Por outro lado, defende a criação de uma “via verde” no acesso ao direito, “dispensando as vítimas da prova da insuficiência económica”, à semelhança do que já acontece com as vítimas de violência doméstica.
Ministras às turras
Apesar da frente unida na Assembleia da República, o DN relata que há uma divisão dentro do PS em torno deste tema. A deputada Cláudia Santos, por exemplo, é contra a consagração da violação como crime público, considerando que isso iria “instrumentalizar a vítima” e obrigá-la a fazer perícias e prestar depoimentos.
Já Berta Nunes acredita que a actual lei não faz sentido. “O que se passa é que na grande maioria dos casos a violação já é crime público quando, por exemplo, acontece dentro do contexto de violência doméstica; é crime público quando a pessoa está institucionalizada; é crime público para menores. Não vejo nenhum sentido que se uma jovem de 16 anos for violada o crime é público, mas que se tiver 18 anos já não é, porque se quer proteger a autodeterminação da vítima”, aponta.
O deputado Miguel Costa Matos, que é também líder da Juventude Socialista, concorda, defendendo o crime público com as devidas garantias de proteger a vítima. Já Elza Pais, que lidera as mulheres socialistas, acrescenta que é um “absurdo pensar que não punindo os agressores estamos a proteger melhor as vítimas” e frisa que o crime público “não significa que a privacidade da vitima” não é protegida.
Os comentários recentes de Catarina Sarmento e Castro, que disse publicamente se contra o crime público e defendeu que a abertura de um processo “deve depende de queixa”, também não foram apreciados dentro do partido.
Uma fonte socialista afirma que as declarações da Ministra da Justiça dão a entender que o “Governo no seu todo é contra, quando não é verdade“.
Uma outra fonte afirma ainda que a Ministra Adjunta e dos Assuntos Parlamentares, Ana Catarina Mendes, que tutela esta área, terá sentido “desconforto” com as declarações de Catarina Sarmento e Castro, dado que estabelecem uma “posição de força de ser contra o crime público”.
“Há um claro e crescente apoio no grupo parlamentar de vários deputados para que a mudança aconteça.
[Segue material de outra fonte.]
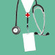 Medizinische Rückadressbeschriftung mit einer Stethoskop-Abbildung.
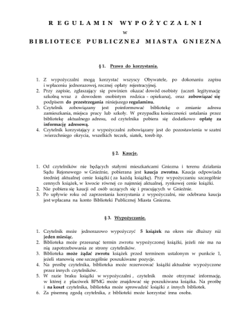 R E G U L A M I N WY P O Ż Y C Z A L N I w BIBLIOTECE PUBLICZNEJ MIASTA GNIEZNA § 1. Prawo do korzystania. 1. Z wypożyczalni mogą korzystać wszyscy Obywatele, po dokonaniu zapisu i wpłaceniu jednorazowej, rocznej opłaty rejestracyjnej. 2. Przy zapisie, zgłaszający się powinien okazać dowód osobisty (uczeń legitymację szkolną wraz z dowodem osobistym rodzica - opiekuna), oraz zobowiązać się podpisem do przestrzegania niniejszego regulaminu. 3. Czytelnik zobowiązany jest poinformować bibliotekę o zmianie adresu zamieszkania, miejsca pracy lub szkoły. W przypadku konieczności ustalania przez bibliotekę aktualnego adresu, od czytelnika pobiera się dodatkowo opłatę za informację adresową. 4. Czytelnik korzystający z wypożyczalni zobowiązany jest do pozostawienia w szatni :wierzchniego okrycia, wszelkich teczek, siatek, toreb itp. § 2. Kaucje. 1. Od czytelników nie będących stałymi mieszkańcami Gniezna i terenu działania Sądu Rejonowego w Gnieźnie, pobierana jest kaucja zwrotna. Kaucja odpowiada średniej aktualnej cenie książki ( za każdą książkę). Przy wypożyczaniu szczególnie cennych książek, w kwocie równej co najmniej aktualnej, rynkowej cenie książki. 2. Nie pobiera się kaucji od osób uczących się i pracujących w Gnieźnie. 3. Po upływie roku od zaprzestania korzystania z wypożyczalni, nie odebrana kaucja jest wpłacana na konto Biblioteki Publicznej Miasta Gniezna. § 3. Wypożyczanie. 1. Czytelnik może jednorazowo wypożyczyć 5 książek na okres nie dłuższy niż jeden miesiąc. 2. Biblioteka może przesunąć termin zwrotu wypożyczonej książki, jeżeli nie ma na nią zapotrzebowania ze strony czytelników. 3. Biblioteka może żądać zwrotu książek przed terminem ustalonym w punkcie 1, jeżeli stanowią one szczególnie poszukiwane pozycje. 4. Na prośbę czytelnika, biblioteka może rezerwować książki aktualnie wypożyczone przez innych czytelników. 5. W razie braku książki w wypożyczalni , czytelnik może otrzymać informację, w której z placówek BPMG może znajdować się poszukiwana książka. Na prośbę i na koszt czytelnika, biblioteka może sprowadzić książki z innych bibliotek. 6. Za pisemną zgodą czytelnika, z biblioteki może korzystać inna osoba. 7. Z księgozbioru podręcznego korzysta się tylko na miejscu ( za pośrednictwem bibliotekarza). 8. Wybrane książki czytelnik rejestruje u dyżurnego bibliotekarza. Jemu też zwraca wypożyczone książki. § 4. Przetrzymywanie książek. 1. Za przetrzymanie książek ( poza wyjątkowymi przypadkami uzgodnionymi z bibliotekarzem ), ponad termin określony w 3 pkt. 1, pobiera się opłatę karną . 2. W przypadku wysłania upomnienia (upomnień), wezwania ostatecznego, do kary za przytrzymanie książek dolicza się tzw. koszty wysłania (upomnień, wezwań). 3. Jeżeli czytelnik mimo wysłanych upomnień przez bibliotekę, odmawia zwrotu książek lub uiszczenia należnych opłat, biblioteka dochodzi swych praw na drodze sądowej. § 5. Poszanowanie książki. Czytelnik powinien otoczyć wypożyczone książki należytą troską , aby nie uległy zagubieniu zniszczeniu lub uszkodzeniu. Przed wypożyczeniem winien zwrócić uwagę na stan fizyczny książki a zauważone uszkodzenia zgłosić bibliotekarzowi § 6. Zagubienie, zniszczenie lub uszkodzenie książki. W przypadku zagubienia, zniszczenia lub uszkodzenia książki, czytelnik ma obowiązek książkę odkupić oraz pokryć koszty oprawy introligatorskiej. O ile odkupienie jest niemożliwe, czytelnik ma obowiązek zapłacić odszkodowanie w następującej wysokości: w przypadku książki beletrystycznej do 3-krotnej średniej ceny książki w przypadku książki popularnonaukowej do 6-krotnej średniej ceny książki w przypadku dzieł szczególnie cennych, kierownik biblioteki może ustalić ich wyższą wartość o czym czytelnik musi być poinformowany przed wypożyczeniem książki ( książki te wypożycza się po wypełnieniu rewersu lub tzw. karty "Z") w wyjątkowych przypadkach czytelnik może w uzgodnieniu z bibliotekarzem, dostarczyć : − w miejsce zagubionej książki, inną o równej wartości, przydatną bibliotece − w przypadku zagubienia lub zniszczenia jednego z tomów dzieła wielotomowego, czytelnik ponosi zobowiązanie za całość dzieła. § 7. Porady i informacje. 1. Bibliotekarz informuje czytelnika o sposobie korzystania ze zbiorów i katalogów. 2. Bibliotekarz, na prośbę czytelnika udziela informacji o książkach, pomaga w doborze literatury, korzystaniu z katalogów oraz wydawnictw informacyjnych. § 8. Postanowienia końcowe. 1. Wysokość jednorazowej, rocznej opłaty rejestracyjnej, aktualnej opłaty karnej za przetrzymanie książek, średniej ceny książki oraz tzw. kosztów wysłania upomnień i wezwania ostatecznego, ustala dyrektor BPMG w drodze zarządzenia. 2. Skargi i wnioski czytelnicy mogą wpisywać do "Księgi skarg i wniosków" znajdującej się u dyżurującego bibliotekarza. 3. W stosunku do czytelników, co do których egzekucja należności biblioteki nie dała wcześniej rezultatu, odmawia się prawa do korzystania z placówek BPMG. Czytelnik nie stosujący się do postanowień niniejszego regulaminu może być czasowo, a w szczególnie drastycznych przypadkach - na stałe pozbawiony praw do korzystania z biblioteki. Decyzję w tej sprawie podejmuje kierownik biblioteki. Czytelnikowi przysługuje prawo odwołania się do Wydziału Oświaty i Kultury Urzędu Miejskiego w Gnieźnie za pośrednictwem dyrektora BPMG. 4. Regulamin niniejszy obowiązuje od dnia 01 maja 2002r.

O PS já evoluiu na IVG, no casamento entre pessoas do mesmo sexo, por que razão não há de evoluir numa matéria tão importante?”, acrescenta.
Associações pedem rede especializada
A consagração como crime público da violação tem a discordância da Associação de Mulheres Contra a Violência (AMCV), para a qual a estratégia deve ser de proteção das vítimas e a manutenção como crime semi-público, defendendo que “não é ético” avançar com leis quando não há serviços na comunidade.
“E o que acontece é que as mulheres são atiradas para os tribunais e para os serviços sem que os profissionais saibam muitas vezes o que estão a fazer e não criámos a rede especializada”, apontou a presidente da associação.
Segundo Margarida Medina Martins, à semelhança do que acontece com a violência doméstica, há uma rede de serviços, mas ainda não foi possível estabilizar os modelos de intervenção e nem todas os técnicos têm os mesmos referenciais de intervenção.
Na opinião da responsável, a violação como crime público não beneficia as vítimas e penaliza-as duplamente, já que ficam “mutiladas pelo violador”, e “abandonadas pelos serviços” e pelo sistema, que “é persecutório, não é apoiante e é ignorante”.
A presidente da AMCV apontou, por outro lado, que o alargamento do direito de denúncia tem de ser diferente do direito de perícia, defendendo que sejam feitas perícias médico-legais independentemente de a vítima querer ou não apresentar queixa.